▶ [Data section]
----
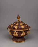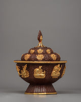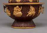 This burner is 36 cm tall, 32 cm wide, and weighs 2.08 kg. Its embossed god images and elaborate patterns add to its divine and traditional Tibetan elegance. The substantial brown and gold tones create an air of magnificence and sacredness, making it both practical and attractive.
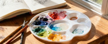 光影洒落木桌,水彩盘斑斓如诗,手账风素描本静伴,文艺清新中透出印象画派的朦胧意境。
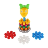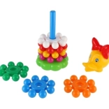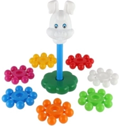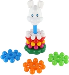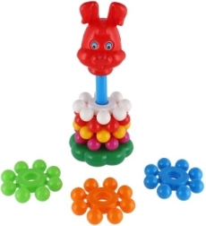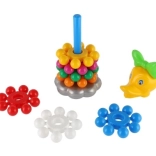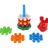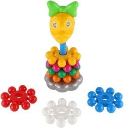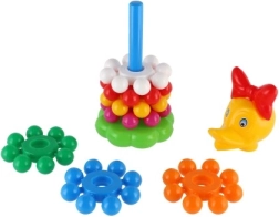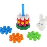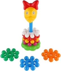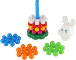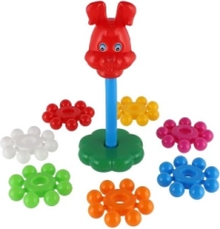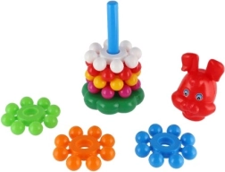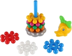 Široké, farebné krúžky sa deťom dobre držia a ľahko sa navliekajú na stredovú tyč. Hra podporuje presnosť pohybov a trénuje koordináciu oko–ruka už od prvých krôčikov.
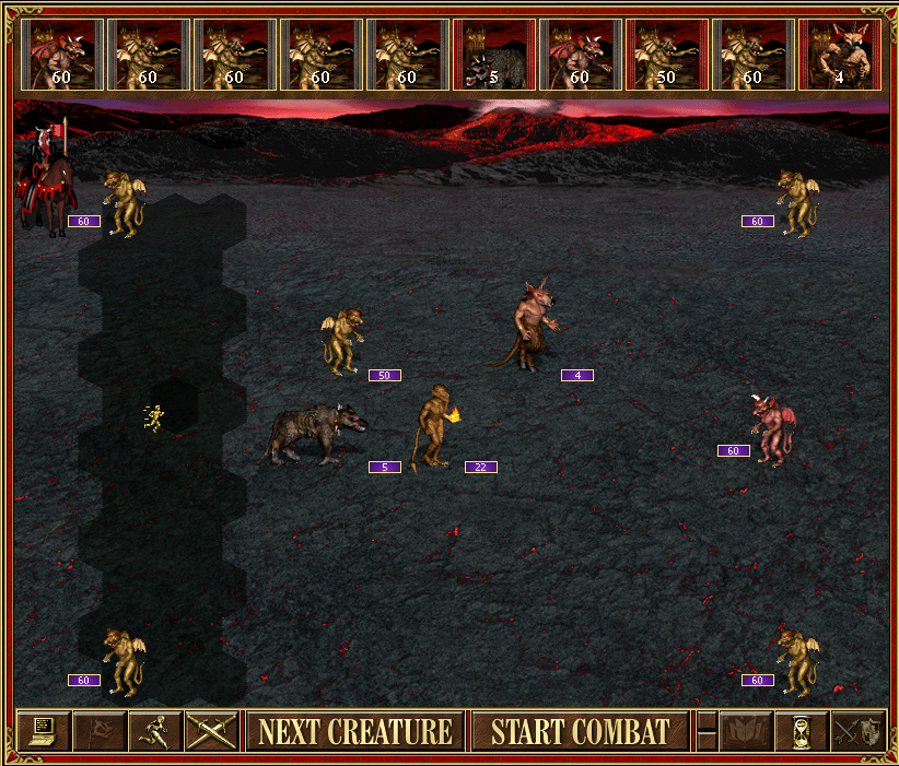 | Description | - (FIXED) Stack queue moves every time a stack in tactics mode is moved, even though it does not represent these stacks by any means. - (FIXED) Tactics work in creature banks. Moreover, flying monsters are able to move to left-side hexes avaliable via tactics. - (FIXED) Back hex for double-wide monsters is not highlighted and clikable, even though they cna move so their back ends in this place. - (FIXED) Next creature is highlighted (gold frame) before the previous one end movement. - (FIXED) If enemy creatures are faster than ours, highlighted tactics area won't vanish before they end their movement. If they attack our stack in this area, game crashes. - (FIXED) Monsters don't accept movement orders to tactics area if their path is not entirely within it (blocked by obstacles or other monsters). This is however discussable, as in H3 some absurd 20-hex runs were allowed. [Reported by Zamolxis in note] - (CHANGED) when hovering over enemy creatures during Tactics mode, instead of the question mark (which would open creature card if clicked) mouse cursor changes to arrow or sword; however if we click to attack, we get a message saying we are not allowed to perform the action; - (FIXED) we can open the spell book and cast spells; this one leads to crash | ||||||||
----
▶ [Problem details] Set the pictures aside and transcribe exactly the stretch of lines above, beginning with the one holding "光影洒落木桌,水彩盘斑斓如诗" and ending with the one holding "Široké, farebné krúžky".

▶ [Solved problem]
 光影洒落木桌,水彩盘斑斓如诗,手账风素描本静伴,文艺清新中透出印象画派的朦胧意境。
 Široké, farebné krúžky sa deťom dobre držia a ľahko sa navliekajú na stredovú tyč. Hra podporuje presnosť pohybov a trénuje koordináciu oko–ruka už od prvých krôčikov.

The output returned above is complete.